Relapses are a major concern in thrombotic thrombocytopenic purpura and occur in as many as 40% of the patients who survive the first episode. These are typically observed within 7 to 10 years of follow-up, highlighting the importance of long-term follow-up (24). In addition, up to 50% of the patients experience exacerbations of the acute events.
A 36-year-old female presented to the emergency department after having 2 transient events of confusion and new onset of headache. Her vital signs were within normal limits, and her general and neurologic exams were unrevealing. Her initial laboratory analysis showed severe thrombocytopenia (38,000/microL), anemia (Hb=8.6 g/dL), and mildly increased bilirubin to 2.2 mg/dL (reference < 1.2 mg/dL). Brain MR and CT angiography of the head and neck were unrevealing.

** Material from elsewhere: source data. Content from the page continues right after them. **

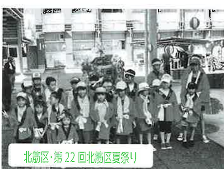
北筋区・第22回北筋区夏祭り
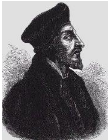
Jan Hus (c. 1369–1415)

Jan Hus est né à Husinec, en Bohême vers 1369. En 1401, il fut ordonné prêtre, mais se heurta rapidement aux autorités ecclésiastiques en raison de ses vues théologiques. Celles-ci furent d'ailleurs reprises par les Protestants quelques 100 ans plus tard.
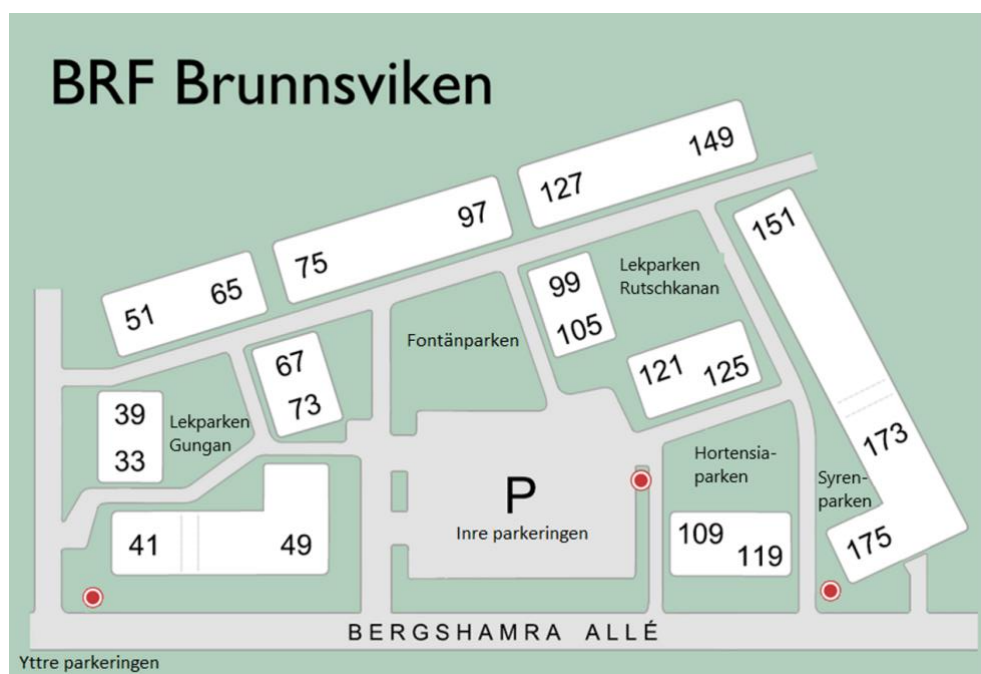
Figur 3: Nya namn på föreningens gemensamma ytor och lekparker.
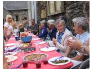
1 er septembre : fête des Engelas les tartes et pognes cuites au four : c'est pas banal !
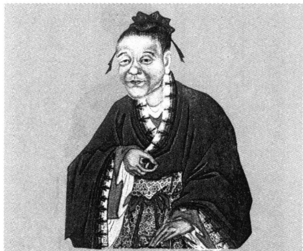
李德裕司马迁画像

An electroencephalogram showed mild-to-moderate slowing of the left hemisphere, but no evidence of epileptic or epileptiform activity. Additional laboratory studies showed lactic dehydrogenase of 650 units/L (reference 100 to 190 units/L), reticulocyte counts of 4% (reference 0.5% to 1.5%), and schistocytes on peripheral smear (2%). Haptoglobin was 25 mg/dL (reference 50 to 150 mg/dL), and fibrinogen was normal 220 mg/dL (reference 150 to 350 mg/dL). Plasmapheresis and high-dose corticosteroids were initiated given the high suspicion for thrombotic thrombocytopenic purpura. The following day, the patient remained encephalopathic. Platelet counts had decreased to 25,000/microL and ADAMTS13 levels were less than 5%. Rituximab was added in a dosage of 375 mg/m2 weekly, with the goal of completing 4 weeks of treatment. In the subsequent days, the patient showed improvement in her clinical exam with normalization of her hematologic abnormalities.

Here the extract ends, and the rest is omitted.